The most famous cloud computing service is provided by AWS (Amazon Web services). In 2016, Amazon had 68 total data centers in world and 50k-80k serverws per data center. The reason we use cloud is that it’s cheap. People can pay for the services like compute power, database storage, content delivery and other functionality to help business grow with lower cost. For many small business, it provides a pay-as-you-go service, it’s easy to scale, and people don’t need to worry about many IT issuses.

There are different types of cloud services: Software as a Service (Saas), Platform as a Service (Paas), and Infrastructure as a Service (Iaas). Before this semester, I always confused these three topics, but now I have a clear minds.

The first service is Saas, also known as cloud application services, provides direct services to user via the internet. Most of the Saas applications are run through the browser, and don’t need any downloads on the client side, like gmail and dropbox. The common examples of Saas are Google Apps like gmail, Dropbox, and GoToMeeting.

The second service is PaaS. PaaS is similar to Saas, except instead of devivering the software over the internet, PaaS provides a platform for software building. The software developers may like to use PaaS because it gives developers the freedom to concentrate on building the software while still not need to worry about operation systems, software updates, storage, or infrastructure. PaaS is built on virtualization technology which will be mentioned on next section. The common examples of PaaS are Google App Engine, Windows Azure, and AWS Elastic Beanstalk.

The last one is IaaS. IaaS provides cloud computing infrastructures to people, including things such as servers, networks, operating systems, and storage. It’s just like you rent these devices to make your business. When you are a startup company, IaaS is a good option because you don’t have to spend the time and money trying to build the hardware and software. The common examples of IaaS are AWS, Google Compute Engine, and Microsoft Azure. In addition, I want to talk about Amazon EC2 (Amazon Elastic Compute Cloud). In the previous practices, I use EC2 many times. In simple terms, Amazon EC2 provides the instances on which users set up and configure the operating system and applications. For normal use, EC2 is much cheaper than buying a server.

Virtualization

When I was a freshman in university, I have used the virtual machine service – VMware to run Linux system on my Windows PC. In this semester, I have a full understanding of virtualization. In one word, virtualization lets you run more applications on fewer physical servers. Through virtualization each app and operating system live in a separate software container called a virtual machine or VM. VMs are completed isolated but computing resources like CPUs, storage, and networking are pooled together and deliver dynamically to each VM by a software layer called hypervisor. Every application gets what it needs for peak performance with all your servers running at full capacity. The following picture shows the basic architecture of virtualization clearly:

virtualization

The virtualization have different types according to the virtualization degree. From top to bottom, they are:

  • Application Virtualization

    • Runs special application code

    • Example: Java virtual machine (JVM)

  • Hosted Virtualization

    • Virtualizes a full OS and apps

    • Example: VMware Player (I have used it to run Linux on my Windows PC)

  • Paravirtualization

    • Modify OS to simply hypervisor

    • Example: Xen (Xen project is a hypervisor that allows multiple computer operating systems to execute on the same computer hardware concurrently)

  • Full Virtualization

    • Runs directly on HW

    • Example: VMware ESXi (includes and integrates vital OS components, such as a kernel)

Container

Over the last decade, the virtualization has grown in popularity to enable software to run predictably and well when moved from one server environment to another. But containers provide a way to run these isolated systems on a single server or host OS.

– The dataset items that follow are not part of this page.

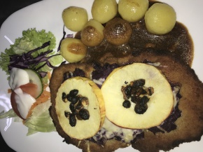mit Rotkohl, Apfelringe, Nussmix und Käse überbacken
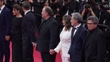 CANNES, FRANCE - MAY 24: (EDITORIAL USE ONLY) (SLOW-MO) (L-R) Alexandre Desplat, Florence Gastaud, Michel Hazanavicius, Grégory Gadebois, Dominique Blanc, Serge Hazanavicius and Patrick Sobelman attend the "La Plus Precieuse Des Marchandises" (The Most Precious Of Cargoes) Red Carpet at the 77th annual Cannes Film Festival at Palais des Festivals on May 24, 2024 in Cannes, France. (Footage by Ming Yeung/Getty Images)
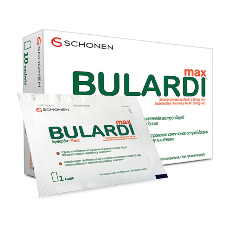 Bulardi Max / Буларди Макс - это симбиотика с противодиарейными, антимикробными, антитоксическими и иммуномодулирующими свойствами, благодаря которым проявляет высокую активность против широкого спектра патогенных и условно-патогенных микроорганизмов.
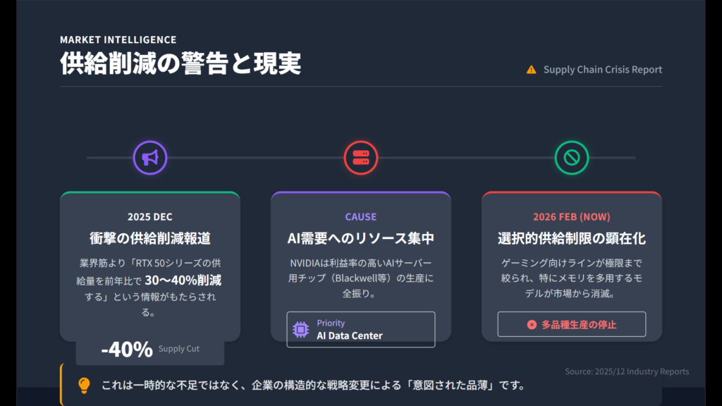 NVIDIAは現在、莫大な利益を生むAIサーバー用チップ(Blackwell等)の生産にリソースを全振りしており、ゲーミング向けラインを極限まで絞り込んでいます。
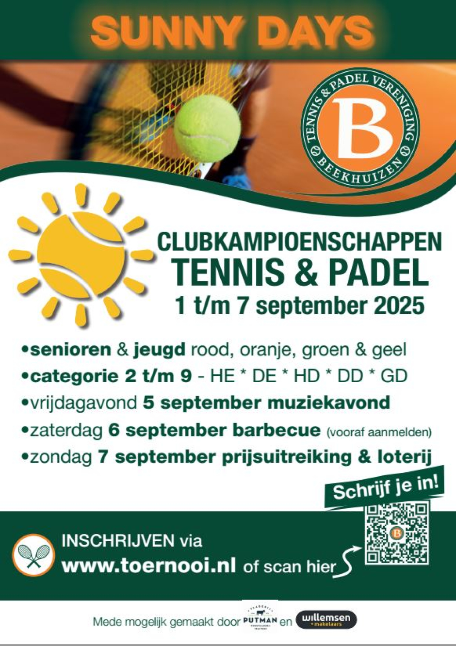 Tijdens deze warmste dagen van het jaar is het DAAN Open in volle gang. Er zijn meerdere voorzorgsmaatregelen genomen om goed met de hitte te kunnen omgaan. Met in het voorweekend de Junioren Tour en deze week het open- en NRT toernooi doen er bijna 700 spelers mee. Dat betekent dat het toernooi met afstand het grootste toernooi is van heel Gelderland. Super om te zien dat het toernooi ook dit jaar weer een heel groot succes is. De ervaren toernooicommissie weet er ieder jaar weer een feestje van te maken met een gevarieerd weekprogramma met mooie extra’s. Kom vooral vrijdagavond naar de Spaanse avond met lekkere hapjes, muziek en Spaanse drankjes of kom dit weekend naar tennis en padel kijken op alle niveaus. Zondagmiddag is de prijsuitreiking waar we mooi nieuws bekend zullen maken.
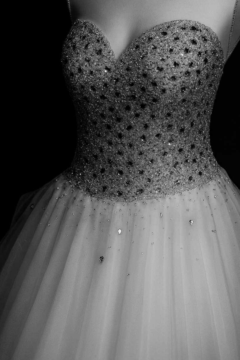 Das Design-Stück „1001 Nacht“ wurde in liebevoller Handarbeit gefertigt – mit höchster Sorgfalt und einem Blick fürs Detail. Jedes Glitzerelement, jede Perle und jeder Stein wurde einzeln per Hand auf das Oberteil aufgenäht, um ein unvergleichliches Funkeln zu erzeugen.

Containers sit on top of a physical server and its host OS—for example, Linux or Windows. Each container shares the host OS kernel and the binaries and libraries, too. Shared components are read-only. Containers are thus very “light”—they are only megabytes in size and take just seconds to start, versus gigabytes and minutes for a VM. Containers also reduce management overhead. Because they share a common operating system, only a single operating system needs care and feeding for bug fixes, patches, and so on. This concept is similar to what we experience with hypervisor hosts: fewer management points but slightly higher fault domain. In short, containers are lighter weight and more portable than VMs. The following picture shows the architectures of Virtualization and Container:

virtualization_container

Virtual machines and Containers differ in several ways, but the primary difference is that containers provide a way to virtualize an OS so that multiple workloads can run on a single OS instance. With VMs, the hardware is being virtualized to run multiple OS instances. Containers’ speed, agility, and portability make them yet another tool to help streamline software development.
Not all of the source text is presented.